§ Dataset items
────

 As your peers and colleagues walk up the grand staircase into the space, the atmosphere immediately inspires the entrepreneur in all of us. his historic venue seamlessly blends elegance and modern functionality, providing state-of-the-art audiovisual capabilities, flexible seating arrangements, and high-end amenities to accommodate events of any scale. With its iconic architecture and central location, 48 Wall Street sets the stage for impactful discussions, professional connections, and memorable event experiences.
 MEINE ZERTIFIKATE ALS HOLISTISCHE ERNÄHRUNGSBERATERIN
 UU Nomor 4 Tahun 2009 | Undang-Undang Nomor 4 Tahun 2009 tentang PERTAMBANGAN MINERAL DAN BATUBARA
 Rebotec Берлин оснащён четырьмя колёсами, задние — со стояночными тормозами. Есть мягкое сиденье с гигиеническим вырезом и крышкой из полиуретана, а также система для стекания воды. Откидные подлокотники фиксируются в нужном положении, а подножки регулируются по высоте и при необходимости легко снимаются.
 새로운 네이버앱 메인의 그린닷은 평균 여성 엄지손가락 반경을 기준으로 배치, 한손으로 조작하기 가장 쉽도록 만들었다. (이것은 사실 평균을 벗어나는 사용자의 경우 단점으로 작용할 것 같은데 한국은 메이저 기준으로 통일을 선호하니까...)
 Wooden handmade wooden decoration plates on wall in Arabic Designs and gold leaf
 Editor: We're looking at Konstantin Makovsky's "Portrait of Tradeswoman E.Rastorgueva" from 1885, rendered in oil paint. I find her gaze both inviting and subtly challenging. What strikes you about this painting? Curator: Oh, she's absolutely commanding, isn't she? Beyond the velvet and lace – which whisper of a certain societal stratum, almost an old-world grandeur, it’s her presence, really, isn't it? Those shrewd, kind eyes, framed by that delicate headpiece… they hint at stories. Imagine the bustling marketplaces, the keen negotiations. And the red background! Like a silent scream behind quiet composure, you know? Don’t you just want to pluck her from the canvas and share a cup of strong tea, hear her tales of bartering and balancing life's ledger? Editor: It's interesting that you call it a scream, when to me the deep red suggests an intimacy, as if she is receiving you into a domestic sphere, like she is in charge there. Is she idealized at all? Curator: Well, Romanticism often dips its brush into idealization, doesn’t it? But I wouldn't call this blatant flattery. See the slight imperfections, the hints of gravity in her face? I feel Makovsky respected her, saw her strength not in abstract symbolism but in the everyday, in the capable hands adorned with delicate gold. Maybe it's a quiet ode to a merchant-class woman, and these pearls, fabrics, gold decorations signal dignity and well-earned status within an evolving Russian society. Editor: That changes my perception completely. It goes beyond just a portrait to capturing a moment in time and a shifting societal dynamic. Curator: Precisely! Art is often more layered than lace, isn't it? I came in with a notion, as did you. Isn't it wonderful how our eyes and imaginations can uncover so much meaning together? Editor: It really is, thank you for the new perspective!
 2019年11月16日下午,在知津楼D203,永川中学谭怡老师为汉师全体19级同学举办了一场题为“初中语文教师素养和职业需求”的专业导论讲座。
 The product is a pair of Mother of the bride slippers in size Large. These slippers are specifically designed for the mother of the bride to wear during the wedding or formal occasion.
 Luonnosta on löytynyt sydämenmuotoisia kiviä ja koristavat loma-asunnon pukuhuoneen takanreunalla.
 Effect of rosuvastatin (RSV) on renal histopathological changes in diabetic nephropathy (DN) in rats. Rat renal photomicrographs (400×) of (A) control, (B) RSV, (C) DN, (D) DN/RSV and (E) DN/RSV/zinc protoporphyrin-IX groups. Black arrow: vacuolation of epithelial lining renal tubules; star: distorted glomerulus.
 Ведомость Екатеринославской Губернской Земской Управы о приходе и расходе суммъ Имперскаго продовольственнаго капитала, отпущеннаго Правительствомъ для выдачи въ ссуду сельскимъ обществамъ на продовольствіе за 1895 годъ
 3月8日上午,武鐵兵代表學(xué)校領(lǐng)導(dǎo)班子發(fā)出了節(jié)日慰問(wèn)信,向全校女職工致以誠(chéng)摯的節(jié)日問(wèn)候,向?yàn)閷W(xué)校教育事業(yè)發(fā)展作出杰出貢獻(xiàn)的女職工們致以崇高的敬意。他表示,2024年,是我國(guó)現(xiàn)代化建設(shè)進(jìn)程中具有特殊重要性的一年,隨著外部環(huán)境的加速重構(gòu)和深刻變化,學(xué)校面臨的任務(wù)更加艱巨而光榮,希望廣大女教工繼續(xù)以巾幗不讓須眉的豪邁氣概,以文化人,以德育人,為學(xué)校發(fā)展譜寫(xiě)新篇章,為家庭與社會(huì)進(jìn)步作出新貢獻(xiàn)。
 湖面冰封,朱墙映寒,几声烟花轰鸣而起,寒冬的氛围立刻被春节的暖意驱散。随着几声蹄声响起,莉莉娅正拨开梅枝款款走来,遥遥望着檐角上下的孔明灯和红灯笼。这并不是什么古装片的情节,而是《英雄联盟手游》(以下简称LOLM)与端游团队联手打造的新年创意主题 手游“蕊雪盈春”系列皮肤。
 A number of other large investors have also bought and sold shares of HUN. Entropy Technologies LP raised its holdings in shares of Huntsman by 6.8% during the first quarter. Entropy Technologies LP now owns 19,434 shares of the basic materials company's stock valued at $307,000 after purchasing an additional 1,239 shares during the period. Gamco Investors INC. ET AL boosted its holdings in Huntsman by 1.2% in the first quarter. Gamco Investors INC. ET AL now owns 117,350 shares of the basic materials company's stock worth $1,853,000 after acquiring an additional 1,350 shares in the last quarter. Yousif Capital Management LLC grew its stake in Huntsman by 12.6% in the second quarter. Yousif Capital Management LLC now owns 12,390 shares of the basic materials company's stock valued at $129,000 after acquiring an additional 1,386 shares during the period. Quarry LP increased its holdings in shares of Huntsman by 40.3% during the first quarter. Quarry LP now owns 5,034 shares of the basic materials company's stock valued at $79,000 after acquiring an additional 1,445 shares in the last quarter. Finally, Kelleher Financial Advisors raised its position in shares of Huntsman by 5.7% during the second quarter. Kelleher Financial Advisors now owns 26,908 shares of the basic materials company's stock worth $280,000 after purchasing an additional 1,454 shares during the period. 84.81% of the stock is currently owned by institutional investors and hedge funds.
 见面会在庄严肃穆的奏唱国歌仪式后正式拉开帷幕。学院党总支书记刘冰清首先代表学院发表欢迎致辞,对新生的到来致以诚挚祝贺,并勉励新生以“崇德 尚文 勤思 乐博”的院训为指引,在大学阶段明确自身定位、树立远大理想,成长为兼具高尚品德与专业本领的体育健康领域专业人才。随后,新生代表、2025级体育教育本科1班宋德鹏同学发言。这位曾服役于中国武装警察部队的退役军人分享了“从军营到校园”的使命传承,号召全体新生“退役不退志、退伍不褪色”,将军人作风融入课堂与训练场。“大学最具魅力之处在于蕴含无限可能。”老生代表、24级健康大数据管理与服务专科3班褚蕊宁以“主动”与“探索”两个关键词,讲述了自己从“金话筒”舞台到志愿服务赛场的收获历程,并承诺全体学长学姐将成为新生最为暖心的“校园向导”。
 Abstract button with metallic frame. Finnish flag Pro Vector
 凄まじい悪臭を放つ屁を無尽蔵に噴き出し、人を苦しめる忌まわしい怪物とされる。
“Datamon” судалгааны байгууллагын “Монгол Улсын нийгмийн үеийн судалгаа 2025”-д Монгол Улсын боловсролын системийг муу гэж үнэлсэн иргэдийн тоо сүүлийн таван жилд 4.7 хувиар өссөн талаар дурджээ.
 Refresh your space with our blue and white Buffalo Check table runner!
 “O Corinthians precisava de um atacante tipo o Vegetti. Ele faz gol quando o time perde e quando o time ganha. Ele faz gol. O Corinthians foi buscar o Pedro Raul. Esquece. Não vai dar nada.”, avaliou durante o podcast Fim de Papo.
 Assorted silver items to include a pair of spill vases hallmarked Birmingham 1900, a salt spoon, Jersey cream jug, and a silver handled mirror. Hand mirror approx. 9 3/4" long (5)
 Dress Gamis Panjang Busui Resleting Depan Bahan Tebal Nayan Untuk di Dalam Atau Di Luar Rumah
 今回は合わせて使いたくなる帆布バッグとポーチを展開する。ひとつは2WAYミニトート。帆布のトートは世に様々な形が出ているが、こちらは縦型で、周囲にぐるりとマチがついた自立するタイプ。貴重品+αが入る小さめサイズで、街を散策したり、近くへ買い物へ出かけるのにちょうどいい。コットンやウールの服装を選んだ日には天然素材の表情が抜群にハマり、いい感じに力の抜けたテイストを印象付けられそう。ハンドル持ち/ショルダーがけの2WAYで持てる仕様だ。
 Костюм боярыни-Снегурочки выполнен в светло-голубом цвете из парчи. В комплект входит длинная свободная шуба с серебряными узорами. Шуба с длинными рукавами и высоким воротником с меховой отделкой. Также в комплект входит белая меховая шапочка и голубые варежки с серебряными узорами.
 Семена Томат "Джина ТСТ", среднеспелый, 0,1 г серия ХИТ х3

────

From the entries above, print the lines beginning at the one with "Refresh your space" and stopping after the one with "Fim de Papo.", exactly as written and with nothing else.

 Refresh your space with our blue and white Buffalo Check table runner!
 “O Corinthians precisava de um atacante tipo o Vegetti. Ele faz gol quando o time perde e quando o time ganha. Ele faz gol. O Corinthians foi buscar o Pedro Raul. Esquece. Não vai dar nada.”, avaliou durante o podcast Fim de Papo.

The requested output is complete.